What is needed >>
The output should match, line for line, the records from the line containing "Long sleeves Plain" through the line containing "第39轮最佳防守球员由来自北京北汽的曾凡博获得;", with every picture left out.

Supplied material >>
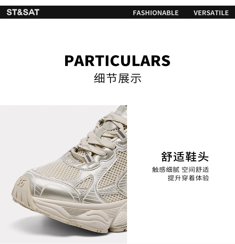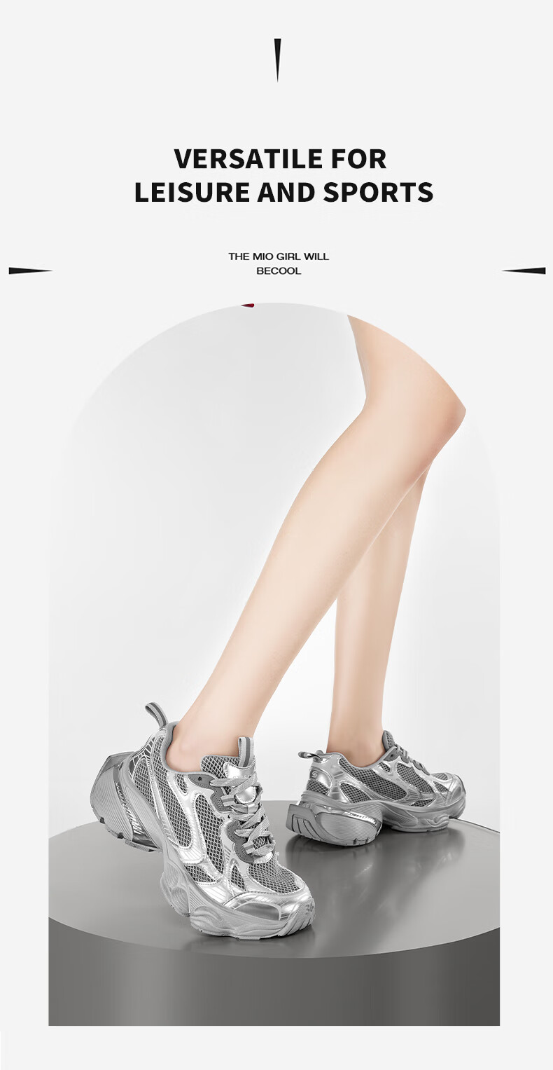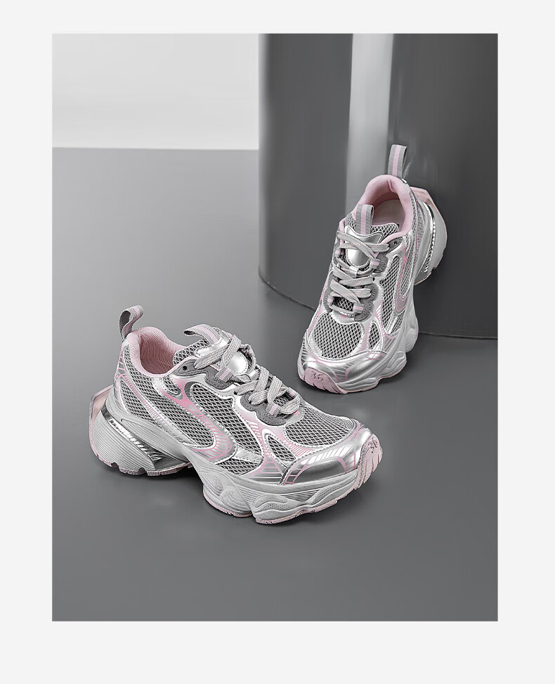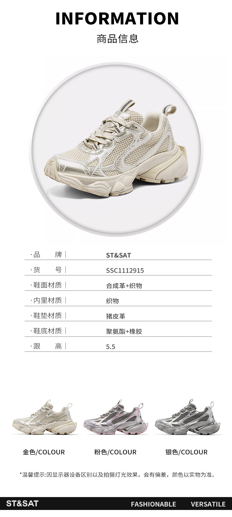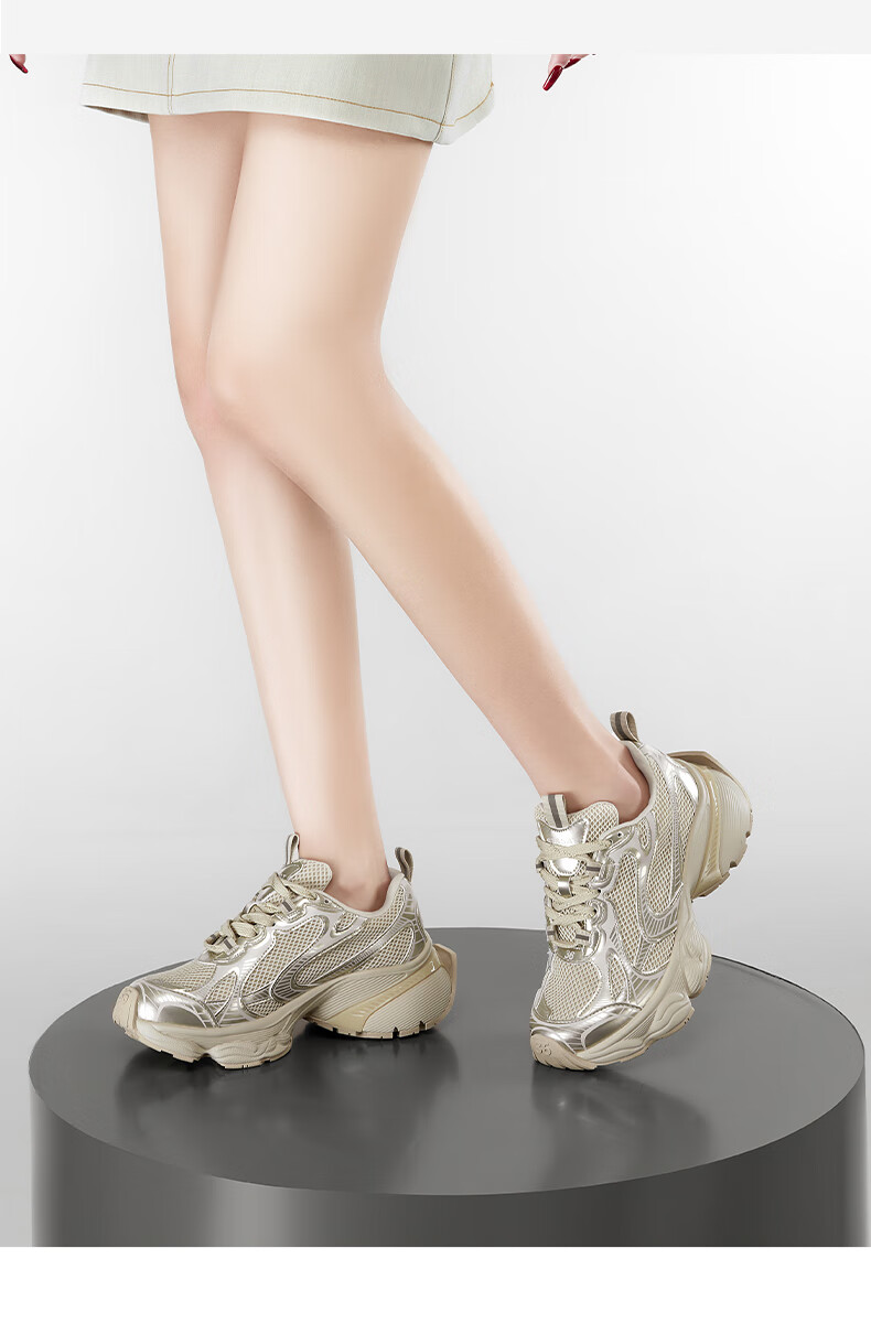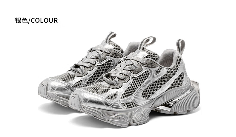 星期六厚底增高老爹鞋女2025秋季新款时尚潮流百搭舒适透气旅行鞋 银色 35
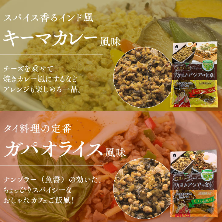 産地直送 「アジア風大豆ミートと切り干し大根サラダ 選べる2種」 九州 お取り寄せ 惣菜 健康 美容 大豆ミート タコライス キーマ ガパオ お弁当 お得 お試し 送料無料
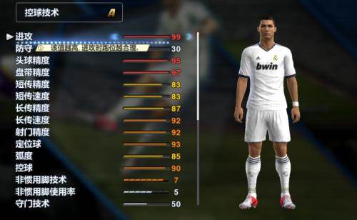 技术:射门还说得过去,传球不错,技能多而实用,用的好可以很秀。
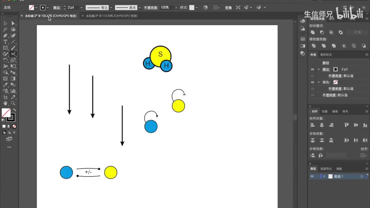 从这节课开始我们来讲一下adobe lustra or这一款绘图软件从入门到精通的一个教学视频。也就是a i这款软件的基本教学。然后我这一系列课程呢用到的教材是这个生命科学插图从入门到精通这本书。这本书讲的非常好,也非常简单易学,所以特别适合这个初学者入门。如果想要获得这本书电子版p d f的同学,可以私信一下,可以私信up主,然后我就可以把这个免费分享给你。我们第一节课呢首先介绍一下n a这个软件的基本的界面,以及它的一些个简单工具的使用。我们这节课可能会讲到直线工具的使用,以及箭头的绘制,以及如何快速实现复制和对齐。然后椭圆工具的使用,以及椭圆的描边,以及色彩填充的设置。然后螺旋线工具的使用。如何绘制一个曲线的箭头?然后呢,还会讲到一些循环线路的无限复制。弧线的一个绘制,还有剪刀工具的一个使用。
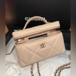 CHANEL LP Vanity Top Handle w Chain in Beige Caviar
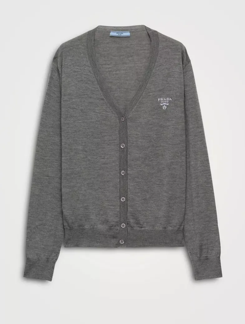 Long sleeves Plain knit Menswear fit Regular shoulder Ribbed knit cuffs and hem Intarsia logo Front button closure
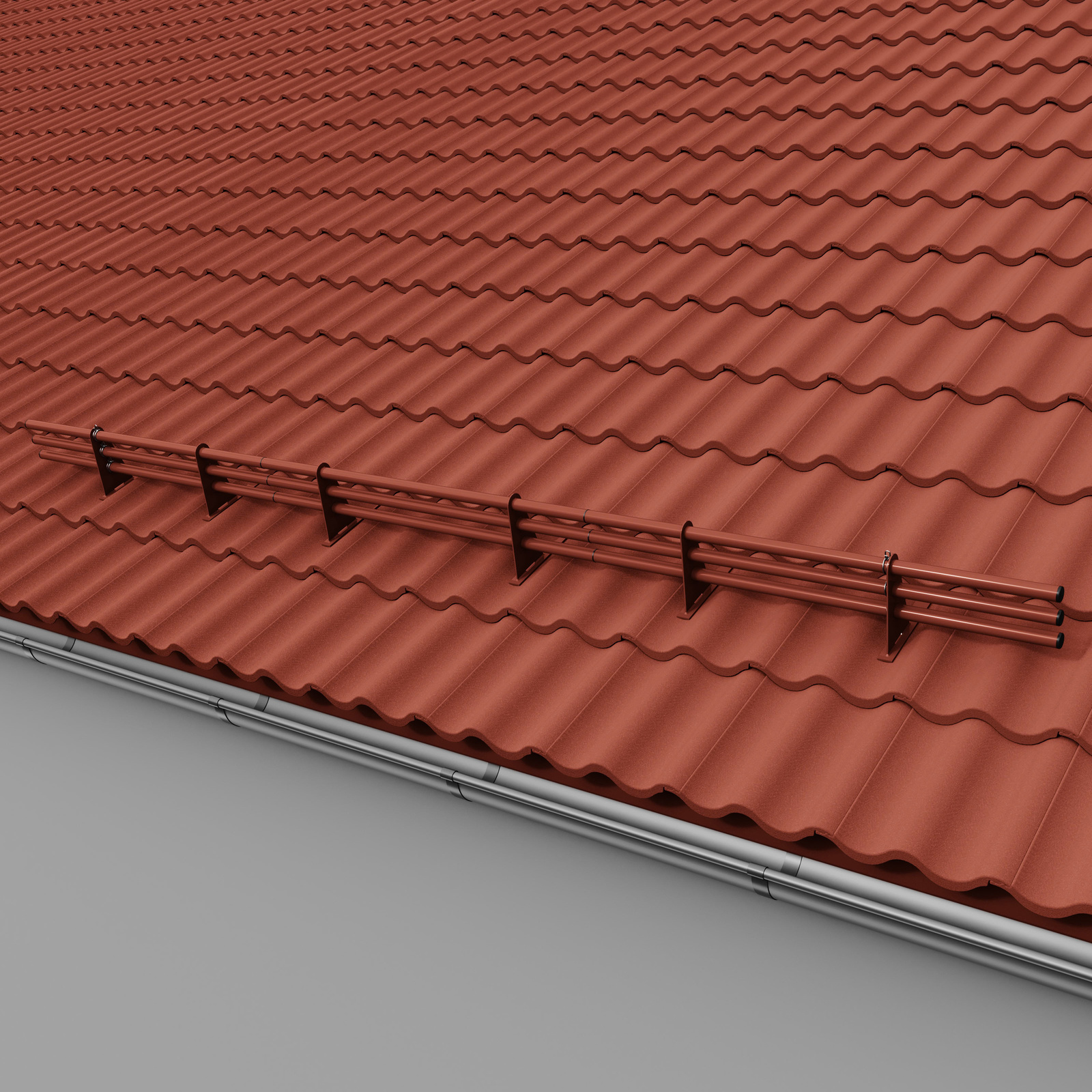 - 3, 4, 5 oder 6 Uni-Stützen (Schneefangstützen) zum Einhängen in Dachziegel/Biberschwanz
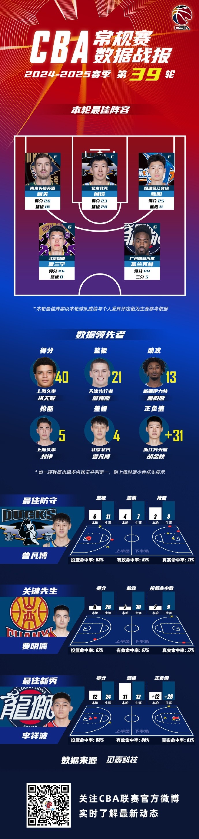 第39轮最佳防守球员由来自北京北汽的曾凡博获得;
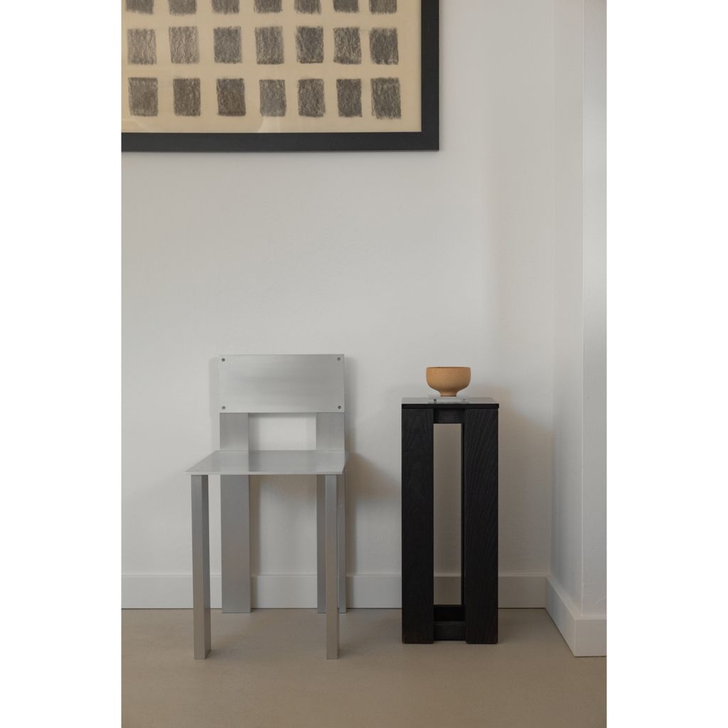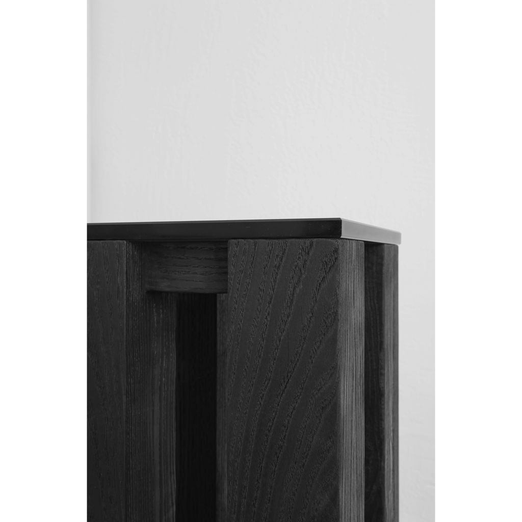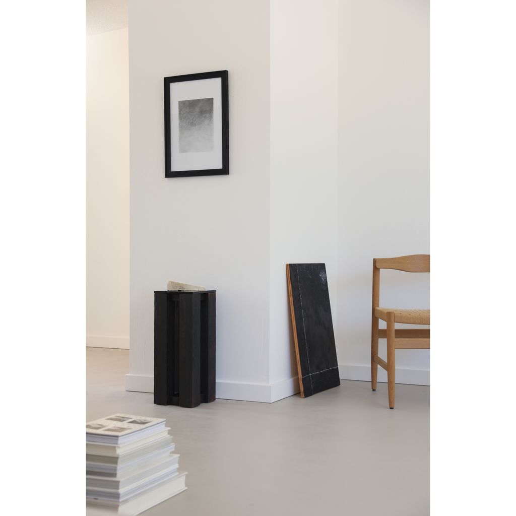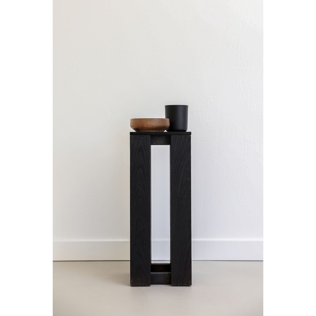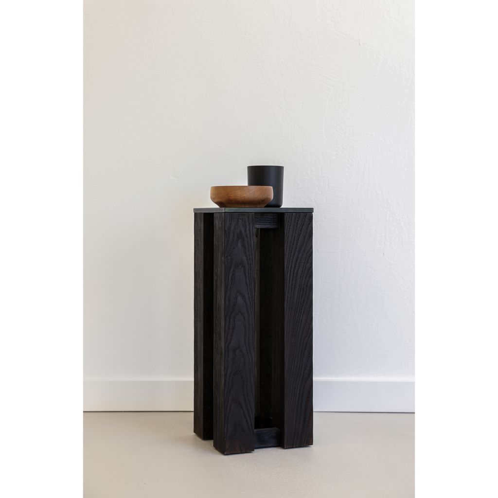 T-03 was designed to harness opposites: light and dark, solid and void, an exercise in juxtaposition. Inspired by the framework of large scale concrete buildings (pillars/joists) as well as the perfect grid patterns found in many architectural plans, the table employs a system of 4 equal “pillars”, and 8 “joists” that position the pillars a distance from each other that is equal to the pillar itself. In a bright room, the negative space is obvious, however as the sun sets and the room darkens, it becomes more difficult to pick up on the nuances, transforming into one monolithic black plinth. Built out of solid Ash, the black coloring is not a stain, rather the wood has been torched over and over to achieve this color. The repeated torching creates an exceptionally dynamic and rich color. Direct sunlight reveals its true tones, not quite black, an intense brown that’s just shy of black. This depth and richness cannot be achieved with dyes. Additionally, the torching removes the soft grain of the wood, resulting in a highly textured surface. These nuances can only truly be experienced up close, creating a uniquely intimate relationship. A thick glass top completes the piece and allows the joinery methods used to remain obvious.

Response to this task >>
 Long sleeves Plain knit Menswear fit Regular shoulder Ribbed knit cuffs and hem Intarsia logo Front button closure
 - 3, 4, 5 oder 6 Uni-Stützen (Schneefangstützen) zum Einhängen in Dachziegel/Biberschwanz
 第39轮最佳防守球员由来自北京北汽的曾凡博获得;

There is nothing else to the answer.